My professor is crushing

it today; does she know

her shirt’s on backwards?

Professors are quirky, average, happy, sad, moody, unpredictable, predictable, busy, lazy, boring, exciting, and morose. They have good days, they have bad days, they have mediocre days.

Just like you.

The Single Common Trait of Professors

If you keep that fact in mind, you’ll interact well with your college instructors. Of course, professors are a diverse group of people. In fact, the only common characteristic of every professor I know is that they all want their students to succeed in college and beyond. It may not feel like that at a given moment, but it’s true.

# Take a deep breath.

One of my students — we’ll call him David — once came to class in an angry frame of mind. He told me a professor had returned his midterm without a grade. I asked him if he knew why the exam was returned. “Oh, I know," he said. “Apparently he can’t read my handwriting and wants me to rewrite one of my answers. Can you believe that jerk?" (He didn’t say jerk.)

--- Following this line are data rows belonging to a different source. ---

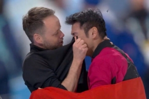 冰场暖心一幕:外籍教练德威特用衣角为宁忠岩擦眼泪
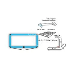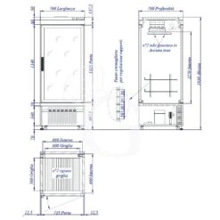 1 ripiano, luce LED, camera interna, cavo+presa, vetro anticondensa, 4 piedini 4 ruote
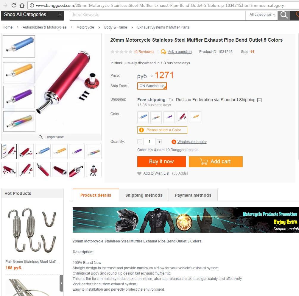 Тем, у кого нет возможности выполнить сварные работы ( как мне, например), китайцы предлагают большой выбор глушителей на моторы малой кубатуры. Слова для поиска - "ATV dirt bike"

David took the exam out of his backpack and showed it to me. It was hard to keep a straight face — not only had he written his response in red pen (Umm, why?), it was completely illegible. As in, impossible-to-read-a-single-word illegible. David then said the magic words that always lead to massive failure and heartbreak: “I’ll show him!"

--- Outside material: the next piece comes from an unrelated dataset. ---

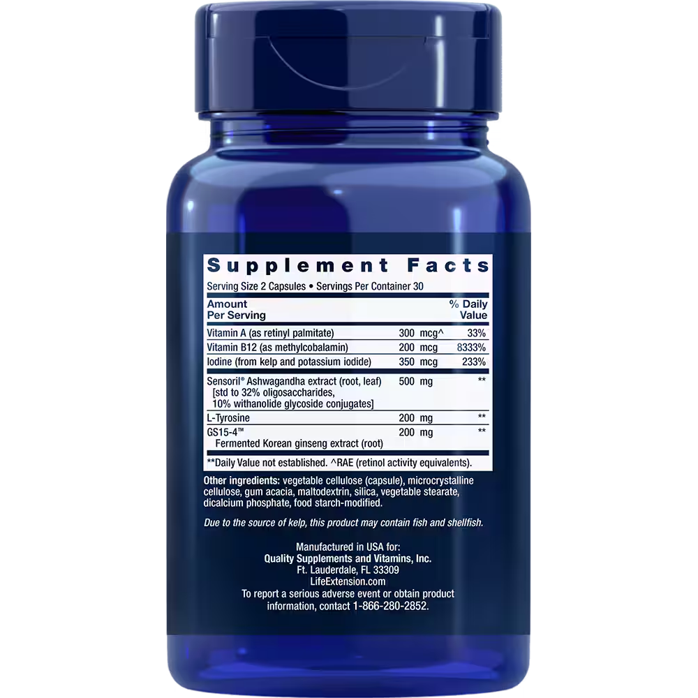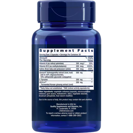 Thyroid Support Complex combines ashwagandha, iodine, Korean ginseng and more to promote the healthy production of thyroid hormones and the conversion of thyroid hormones into their active states. In addition, this formula contains vitamin B12 for healthy thyroid activity and vitamin A to support healthy serum T3 (active thyroid hormone) levels.

After letting him vent for a few minutes, I encouraged him to take a deep breath, put aside his plans for revenge, and do what the professor had asked: Rewrite the answer and turn it back in. Which he did, and the professor was totally cool about it and gave David a good grade.

# Treat your professors as you would want to be treated.

I see this sort of thing often: Students reading into a professor’s comments or actions, and doing so in the most negative light possible. Yet at least nine times out of 10, the professor was trying to be helpful, and the student’s misinterpretation of the situation turned a potentially positive interaction into a negative one.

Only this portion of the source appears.